8. История медицины знает случай, когда человек был одержим особой манией, воображая, что он — яйцо всмятку. Когда и при каких обстоятельствах им овладела эта идея, не знал никто, но теперь он отказывался садиться где бы то ни было из боязни, что упадет и «разобьется» и «разольет желток». Доктора пытались давать ему успокоительное и другие лекарства, чтобы уменьшить страх, но ничто не приносило ощутимого результата. В конце концов один врач попытался представить себя на месте одержимого пациента и предложил ему везде носить с собой кусок хлеба, чтобы подкладывать его на всякий стул перед тем, как сесть, и таким образом предохранять себя от растекания. С тех пор этого человека никогда не видели иначе как с куском хлеба под рукой, и он смог вести более или менее нормальную жизнь.


9. В чем суть этой истории? Она говорит о том, что, если кто-то одержим манией (любовь, вера в то, что ты яйцо) и если он находит в чем-то другую часть ее (второго влюбленного в лице Хлои, одержимого той же манией, или кусок хлеба), тогда все может быть хорошо. Сами по себе мании безвредны, они причиняют неудобство, только когда одержимый ими одинок в своей одержимости, когда он не может создать окружение, в котором ему будет легко с ней справляться. Пока мы с Хлоей оба могли верить в этот крайне сомнительный мыльный пузырь, каким является любовь, какое имело значение, красный автобус на самом деле или нет?

ГЛАВА ТРИНАДЦАТАЯ

БЛИЗОСТЬ

1. Наблюдая, как кусочек сахара тает в чашке ромашкового чая, Хлоя, на чью компанию я рассчитывал, думая придать своей жизни смысл, вдруг сказала: «Мы не можем съехаться вместе из-за меня: я должна жить одна, иначе я растворюсь. Здесь дело не в том, чтобы самой запирать дверь, а в психологии. Я не хочу этого не потому, что ты мне не нужен, а из страха, что мне будешь нужен только ты, что в один прекрасный день я увижу: от меня ничего не осталось. Так что прости и смотри на это как на проявление моего всегдашнего маразма, но боюсь, мне придется всегда оставаться на положении командировочной».


2. Впервые я увидел Хлоину сумку в аэропорту Хитроу — яркий розовый баул на блестящем зеленом ремне. Хлоя появилась с ней перед моей дверью в первый же вечер, когда решила у меня остаться, лишний раз извинившись за ядовитые цвета и сказав, что воспользовалась ею, чтобы прихватить зубную щетку и перемену белья на следующий день. Я предположил, что сумка — временный атрибут, явление преходящее, которое будет существовать лишь до тех пор, пока Хлоя не почувствует себя достаточно комфортно и не определит щетку и белье на постоянное жительство в моей квартире. Но она так и не отказалась от сумки и каждое утро должна была заново собирать ее, как если бы это был последний раз и мы больше никогда не увидимся, как если бы оставить у меня какие-нибудь сережки означало пойти на невозможный риск раствориться.
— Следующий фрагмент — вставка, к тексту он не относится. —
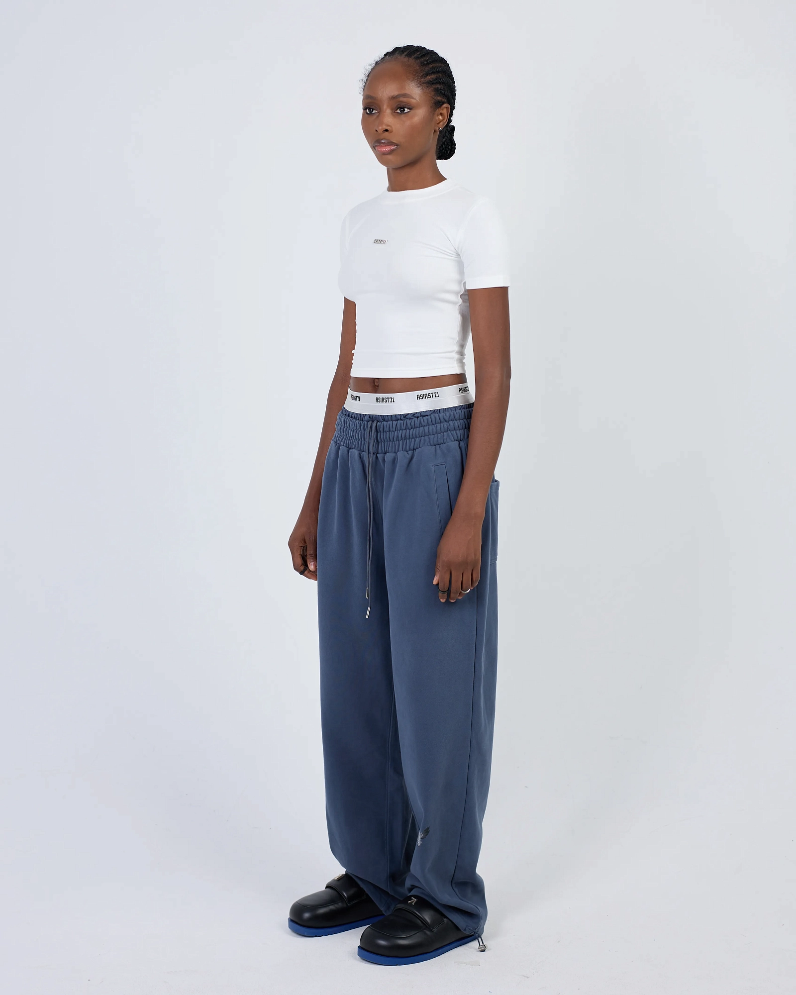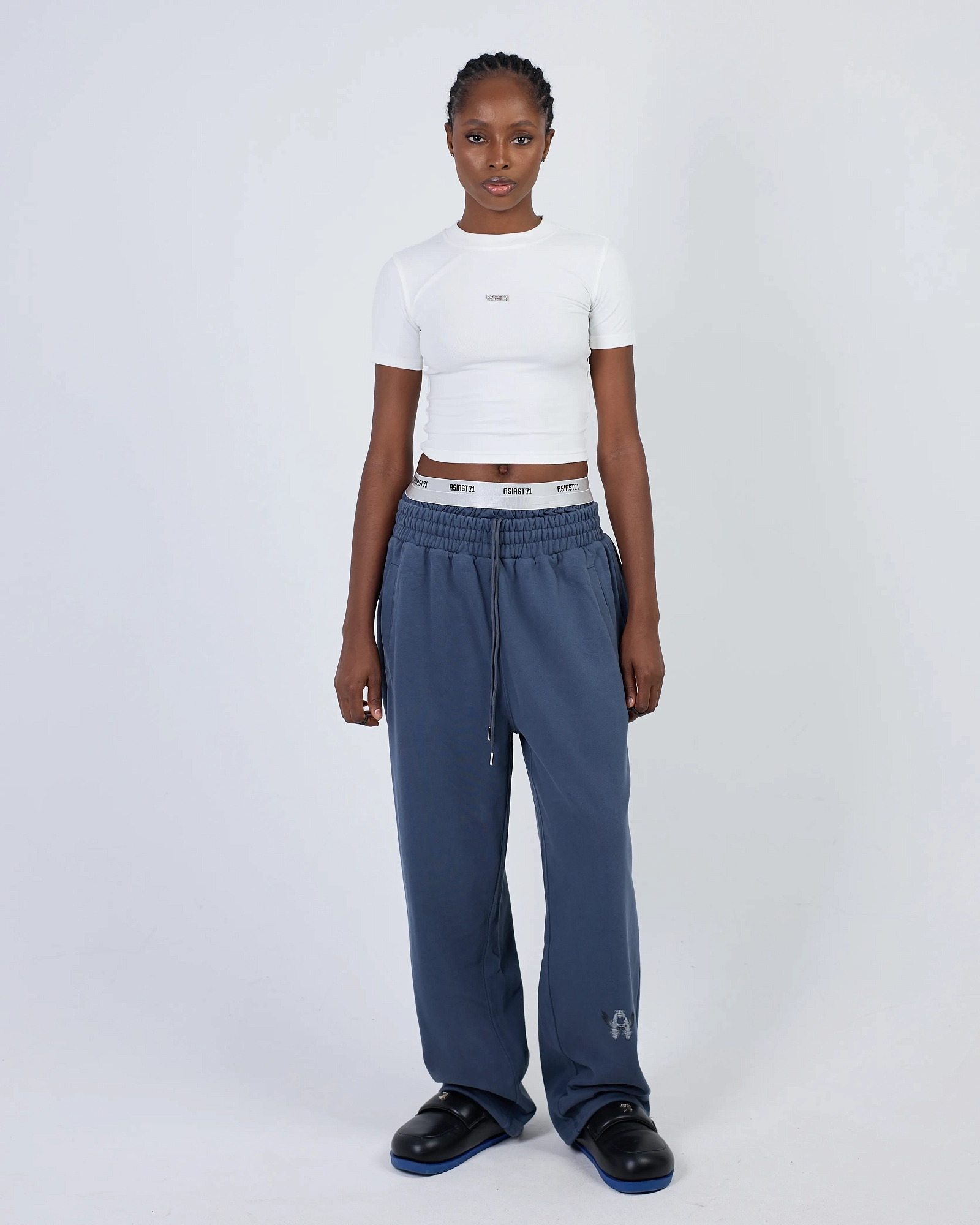 ШИРОКИЕ ДЖОГГЕРЫ ИЗ ПЛОТНОГО ХЛОПКА СВОБОДНОГО КРОЯ ПРЕДСТАВЛЕНЫ В ЧЕРНОМ И ПЫЛЬНО-СИНЕМ ЦВЕТАХ. ДВОЙНОЙ КОНТРАСТНЫЙ ПОЯС С ЛОГОТИПОМ ПАТТЕРНОМ. КОМФОРТНАЯ РЕЗИНКА НА ТАЛИИ И КУЛИСКА С ФИКСАТОРАМИ НА ЩИКОЛОТКАХ С ВОЗМОЖНОСТЬЮ УТЯЖКИ. СПЕРЕДИ ДВА ПРОРЕЗНЫХ КАРМАНА И СЗАДИ ДВА НАКЛАДНЫХ. БАЗОВАЯ ПАРА, КОТОРАЯ БУДЕТ СОЧЕТАТЬСЯ С ВАШИМ ГАРДЕРОБОМ. "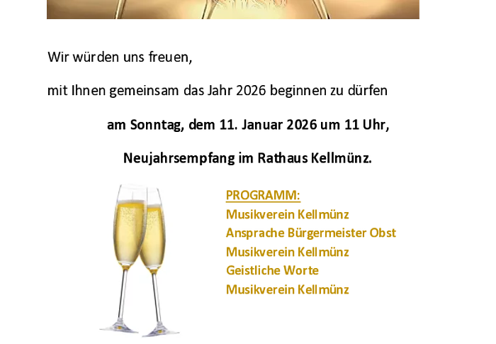 Wir würden uns freuen, mit Ihnen gemeinsam das Jahr 2026 beginnen zu dürfen am Sonntag, dem 11. Januar 2026 um 11 Uhr,Neujahrsempfang im Rathaus Kellmünz. PROGRAMM:Musikverein KellmünzAnsprache Bürgermeister ObstMusikverein KellmünzGeistliche WorteMusikverein Kellmünz Wir wünschen Ihnen alles Gute für das neue Jahr 2026! Markt Kellmünz a. d. Iller Pfarrgemeinde St. Martin Michael Obst             Thomas Kleinle1. Bürgermeister       Pfarrer Wir weisen darauf hin, dass bei der…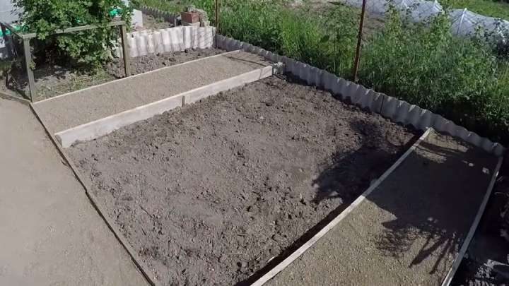Затем разметьте будущие дорожки, выложите их досками 10 см. Ширина дорожки, чтобы проезжала тачка, — 70 см.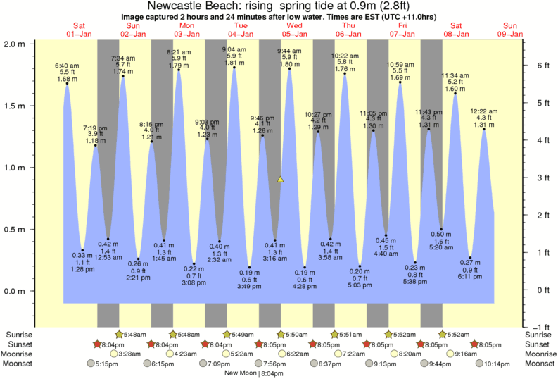Forecast wind and swell just offshore from Newcastle Beach around the time the photo was taken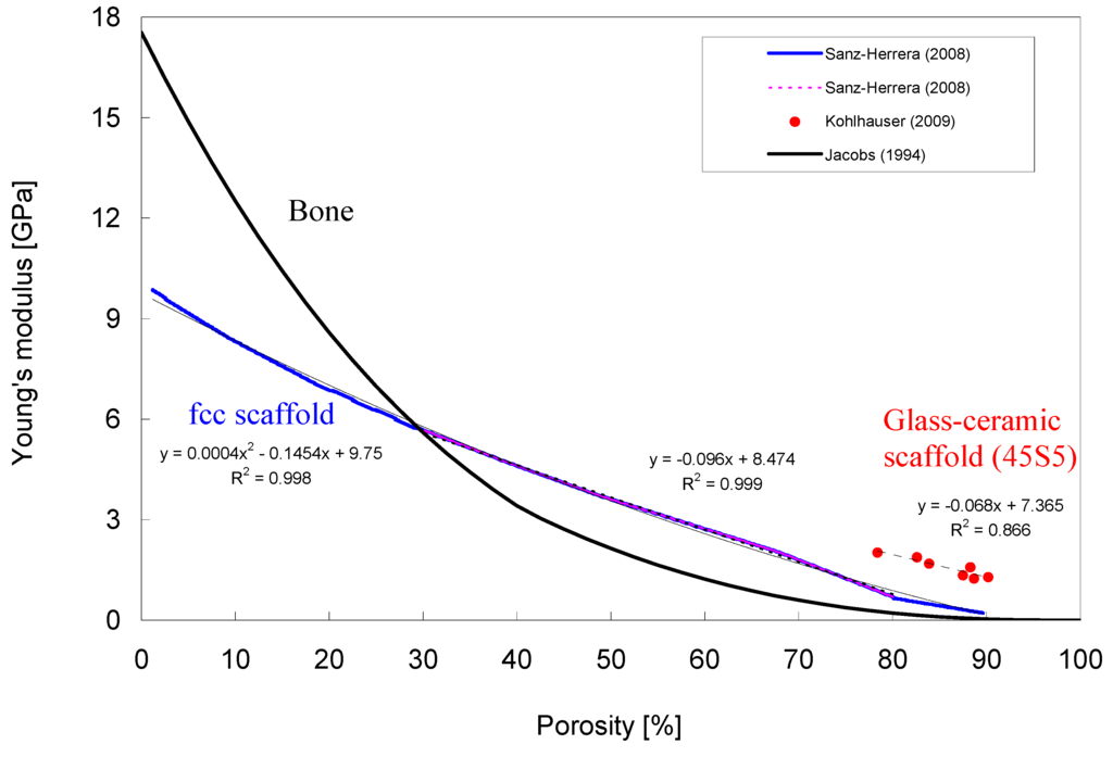 Young’s modulus of an fcc scaffold microstructure [141] and of bone [139] as a function of porosity (Data kindly provided by Prof. J. A. Sanz-Herrera, University of Seville, Spain). The pink, dashed line, overlapping the blue line, represents the data range (porosity of fcc structure = 30–80%), in which a highly linear relationship between porosity and Young’s modulus exists. A second order polynomial function describes the Young’s modulus of the fcc structure over the entire range of investigated porosities (1.2–89.6%). For Bioglass®-based glass-ceramic scaffolds (data adapted from ref. [112]), a highly linear negative correlation (coefficient of determination R2 = 0.866) between porosity and elastic modulus was found on the basis of ultrasonic wave propagation measurements.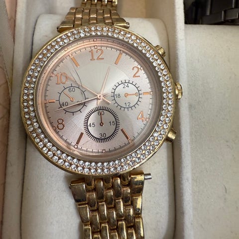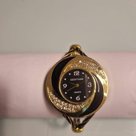 Kultaisen värinen ja neliskanttisen muotoinen naisten rannekello. Käyttämätön ja kuin uusi. Paristot toimii. Mukaan saa viimeisessä kuvassa näkyvän rannekkeen lyhennys työkalun.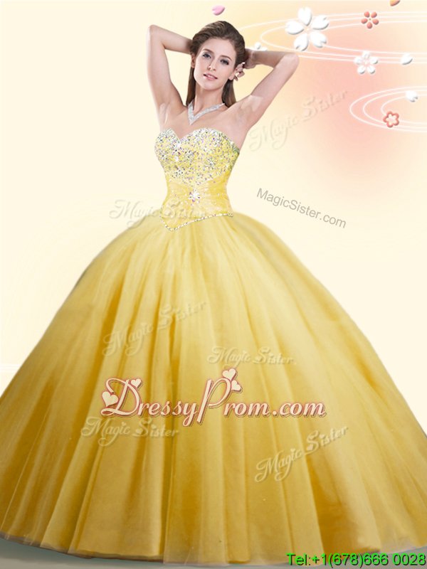 Neckline : SweetheartShown Color : GoldSilhouette : Ball GownsSleeve Length : sleevelessHemline : floor lengthBack Detail : Lace upFabric : TulleEmbellishment : BeadingOccasion : Military Ball,Sweet 16,QuinceaneraSeason : Spring,Summer,Fall,Winter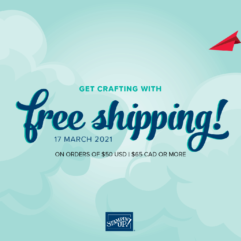ONE DAY ONLY: Wednesday, March 17: Free shipping on Stampin’ Up orders of $50 or more!
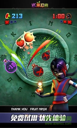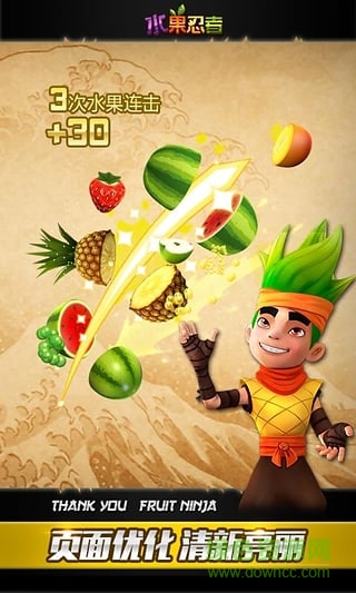 《水果忍者》是一款简单的休闲游戏,游戏流畅度极高!玩法简单,目的只有一个——切水果!屏幕上会不断跳出各种水果——西瓜、凤梨、猕猴桃、草莓、香蕉、石榴、苹果等,要在水果掉落之前要快速的全部砍掉哦!但是,千万别砍到炸弹!游戏设置有给力的道具,可以帮助您得到意想不到的分数哦!游戏提供多把酷炫刀刃供玩家选择,让您获得更刺激的视觉感受,还在等什么!快来一起切水果吧!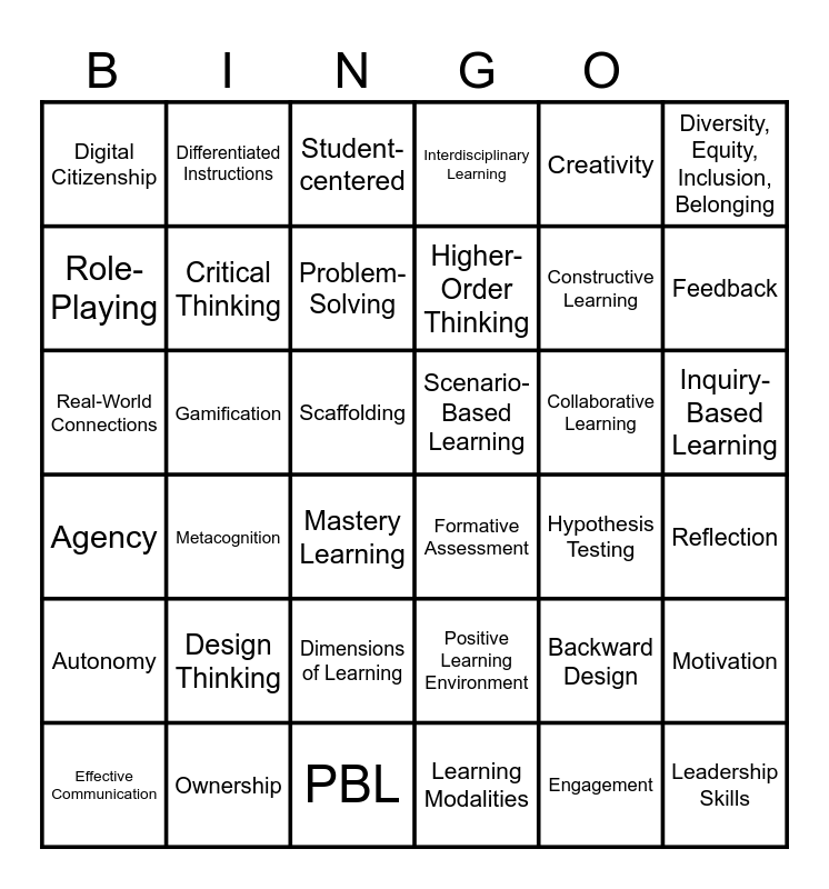 This bingo card has 42 words: Engagement, Critical Thinking, Active Learning, Collaborative Learning, Reflection, Metacognition, Real-World Connections, Growth Mindset, Student-centered, Inquiry-Based Learning, Scaffolding, Higher-Order Thinking, Feedback, Creativity, Ownership, Agency, Motivation, Constructive Learning, Leadership Skills, Differentiated Instructions, Diversity, Equity, Inclusion, Belonging, Dimensions of Learning, Autonomy, Digital Citizenship, SEL, Effective Communication, Problem-Solving, Goal-Oriented, Design Thinking, Backward Design, Authentic Performance Tasks, Scenario-Based Learning, Role-Playing, Hypothesis Testing, PBL, Mastery Learning, Formative Assessment, Gamification, Positive Learning Environment, Learning Modalities, Interdisciplinary Learning and Holistic Learning.

3. Она часто говорила о своем растворении: растворении в толпе при посадке на поезд в утренние часы, растворении в своей семье или среди персонала офиса, а значит, косвенным образом и о растворении в любви. Этим объяснялась важность сумки как символа свободы и независимости, желания заключить себя в скобки, собрать воедино все части себя, разбросанные по другим людям.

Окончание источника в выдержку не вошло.